* [Data for this exercise]
--*--
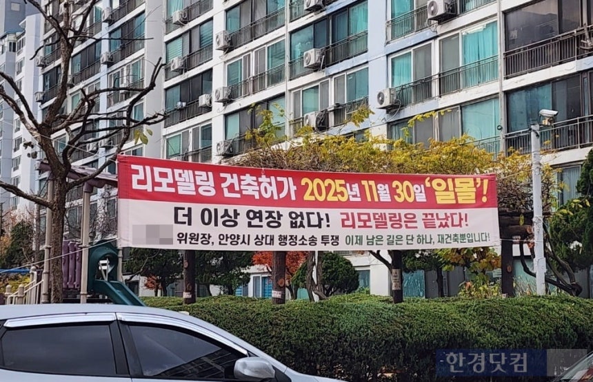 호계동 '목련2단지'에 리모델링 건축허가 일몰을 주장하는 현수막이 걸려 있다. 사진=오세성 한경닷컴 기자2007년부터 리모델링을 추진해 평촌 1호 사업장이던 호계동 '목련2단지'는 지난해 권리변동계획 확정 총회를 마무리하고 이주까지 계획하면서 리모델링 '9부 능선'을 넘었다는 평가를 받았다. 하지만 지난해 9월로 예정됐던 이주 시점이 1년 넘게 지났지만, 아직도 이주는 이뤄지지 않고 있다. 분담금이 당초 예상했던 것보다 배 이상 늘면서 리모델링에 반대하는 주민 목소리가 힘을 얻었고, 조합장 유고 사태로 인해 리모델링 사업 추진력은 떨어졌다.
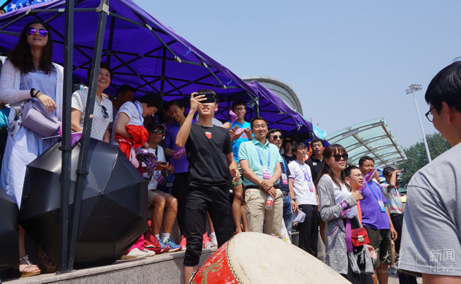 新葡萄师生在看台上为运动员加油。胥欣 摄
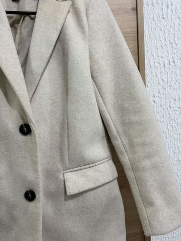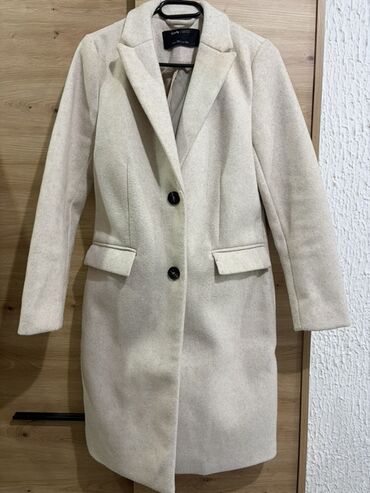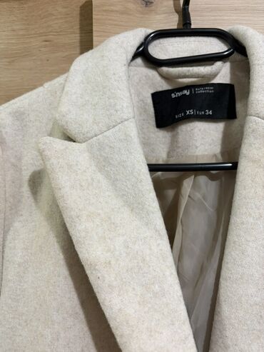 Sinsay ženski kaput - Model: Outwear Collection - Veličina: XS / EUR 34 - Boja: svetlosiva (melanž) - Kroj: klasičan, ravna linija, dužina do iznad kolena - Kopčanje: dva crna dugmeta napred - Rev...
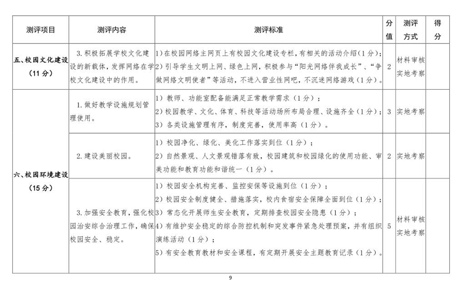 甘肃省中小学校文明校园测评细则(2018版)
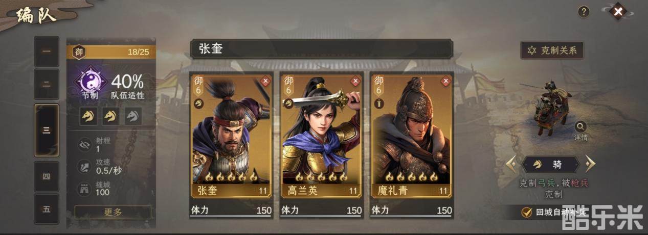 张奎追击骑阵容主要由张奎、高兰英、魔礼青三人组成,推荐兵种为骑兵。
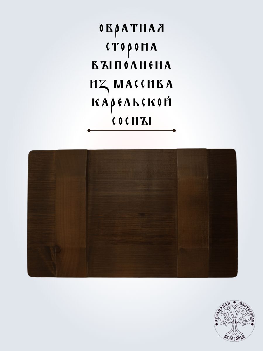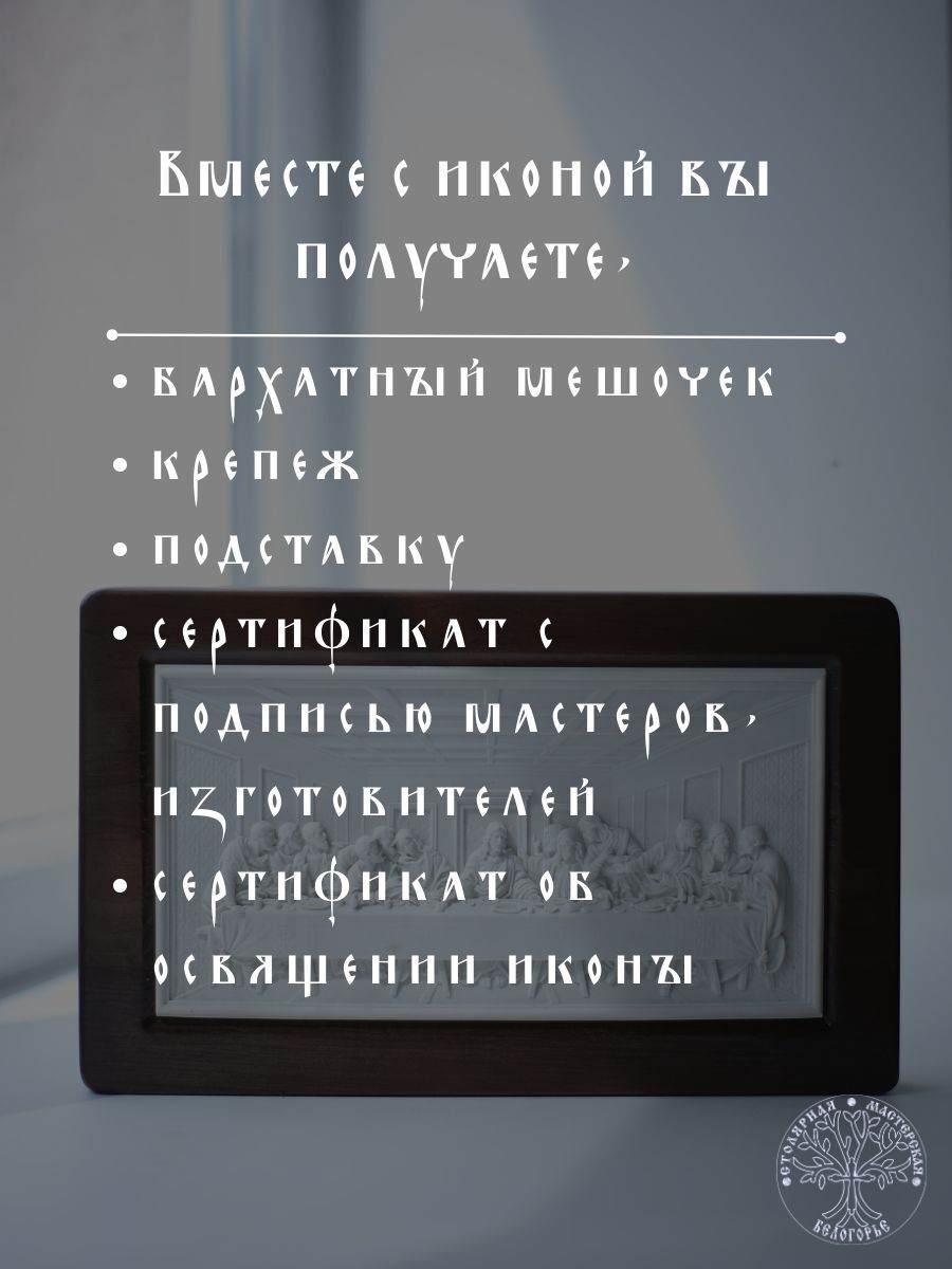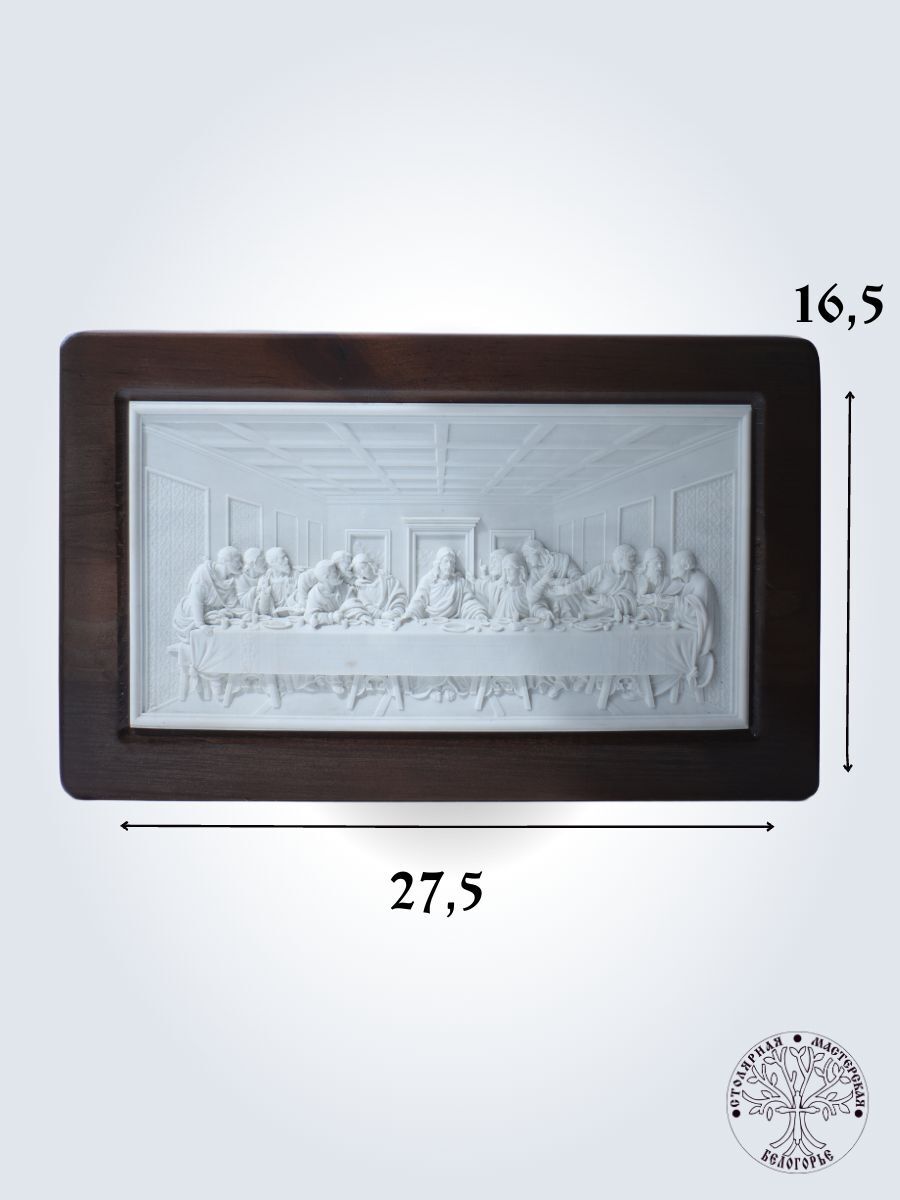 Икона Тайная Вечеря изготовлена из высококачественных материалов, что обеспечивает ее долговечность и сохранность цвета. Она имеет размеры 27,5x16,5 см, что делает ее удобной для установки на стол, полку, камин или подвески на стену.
--*--
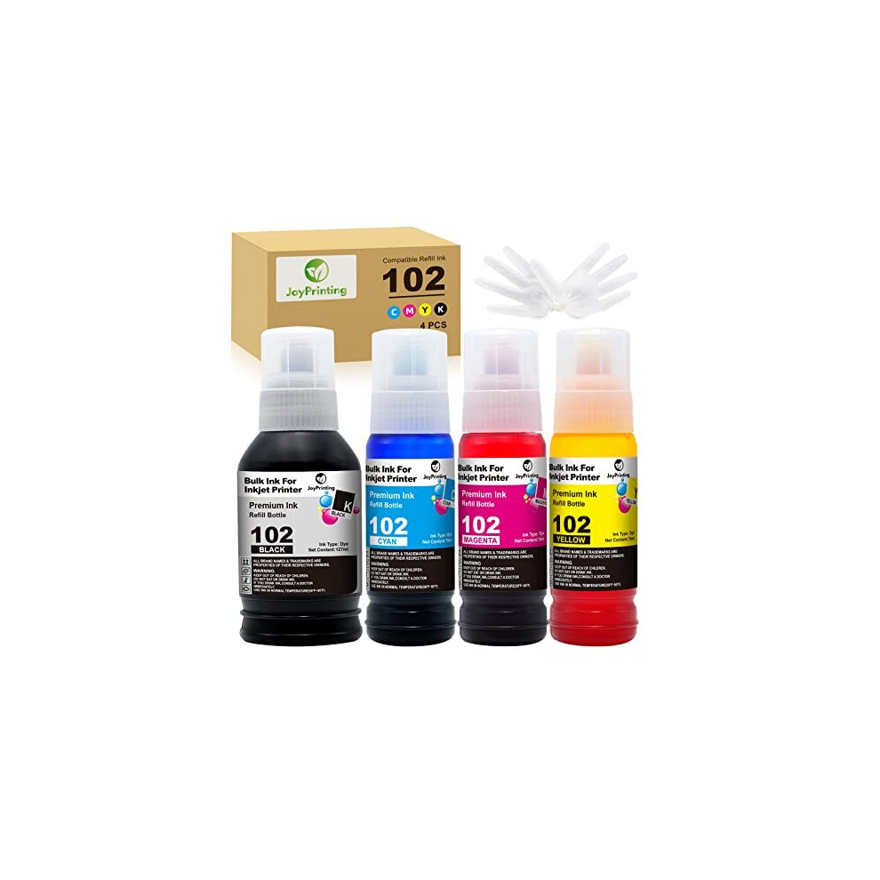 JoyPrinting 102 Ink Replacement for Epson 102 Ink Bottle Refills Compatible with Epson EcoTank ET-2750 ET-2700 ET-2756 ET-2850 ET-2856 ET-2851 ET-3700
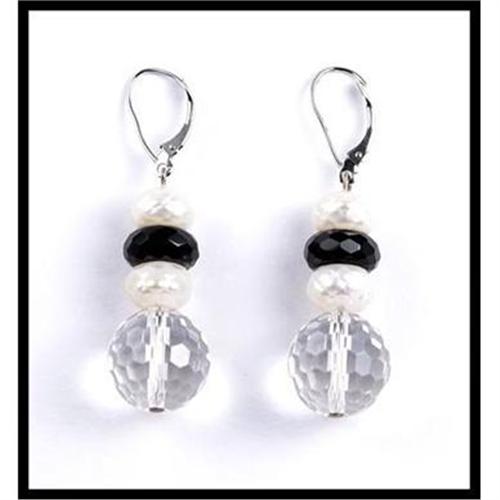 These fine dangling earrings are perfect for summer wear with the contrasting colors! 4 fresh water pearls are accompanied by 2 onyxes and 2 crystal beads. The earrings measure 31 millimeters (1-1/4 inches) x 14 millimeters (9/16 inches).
--*--
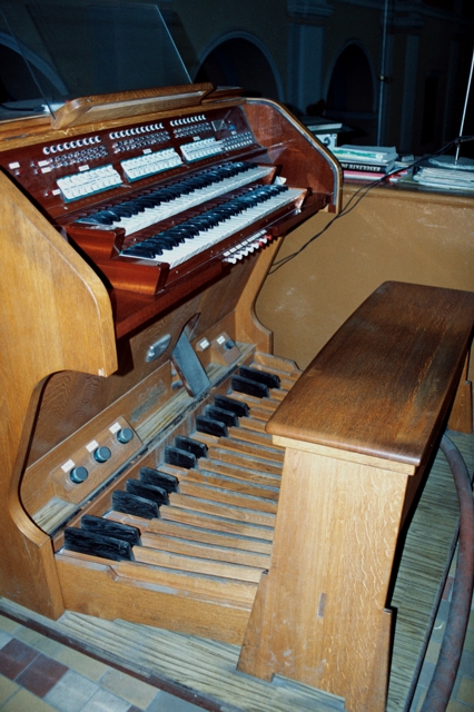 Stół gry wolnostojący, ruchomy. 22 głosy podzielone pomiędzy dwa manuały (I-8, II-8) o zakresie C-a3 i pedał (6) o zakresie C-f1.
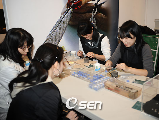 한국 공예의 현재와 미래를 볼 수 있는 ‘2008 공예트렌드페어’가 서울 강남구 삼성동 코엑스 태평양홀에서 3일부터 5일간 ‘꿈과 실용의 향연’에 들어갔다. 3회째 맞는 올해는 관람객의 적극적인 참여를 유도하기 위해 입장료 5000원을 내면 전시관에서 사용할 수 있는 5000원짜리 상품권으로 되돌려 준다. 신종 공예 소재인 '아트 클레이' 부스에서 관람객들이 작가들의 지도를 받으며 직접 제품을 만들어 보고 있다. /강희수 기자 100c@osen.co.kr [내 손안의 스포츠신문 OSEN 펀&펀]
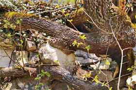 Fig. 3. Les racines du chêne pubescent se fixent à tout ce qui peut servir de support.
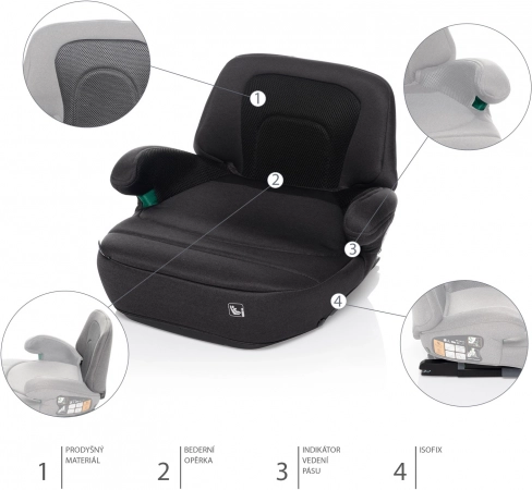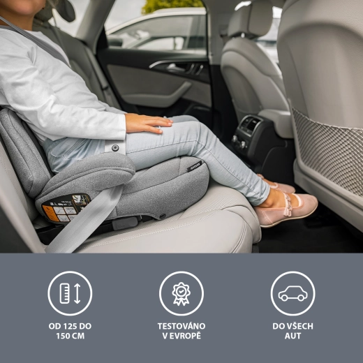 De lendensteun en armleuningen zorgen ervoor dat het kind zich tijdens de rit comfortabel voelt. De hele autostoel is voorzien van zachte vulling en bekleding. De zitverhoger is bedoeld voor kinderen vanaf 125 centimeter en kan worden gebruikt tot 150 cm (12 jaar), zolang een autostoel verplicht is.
--*--
* [What you will do] Using the data above, output the line that has "张奎追击骑阵容主要由张奎、高兰英、魔礼青三人组成,推荐兵种为骑兵。", the line that has "Икона Тайная Вечеря", and whatever lines fall between, each exactly as it stands and without pictures.

* [Exercise response]
 张奎追击骑阵容主要由张奎、高兰英、魔礼青三人组成,推荐兵种为骑兵。
 Икона Тайная Вечеря изготовлена из высококачественных материалов, что обеспечивает ее долговечность и сохранность цвета. Она имеет размеры 27,5x16,5 см, что делает ее удобной для установки на стол, полку, камин или подвески на стену.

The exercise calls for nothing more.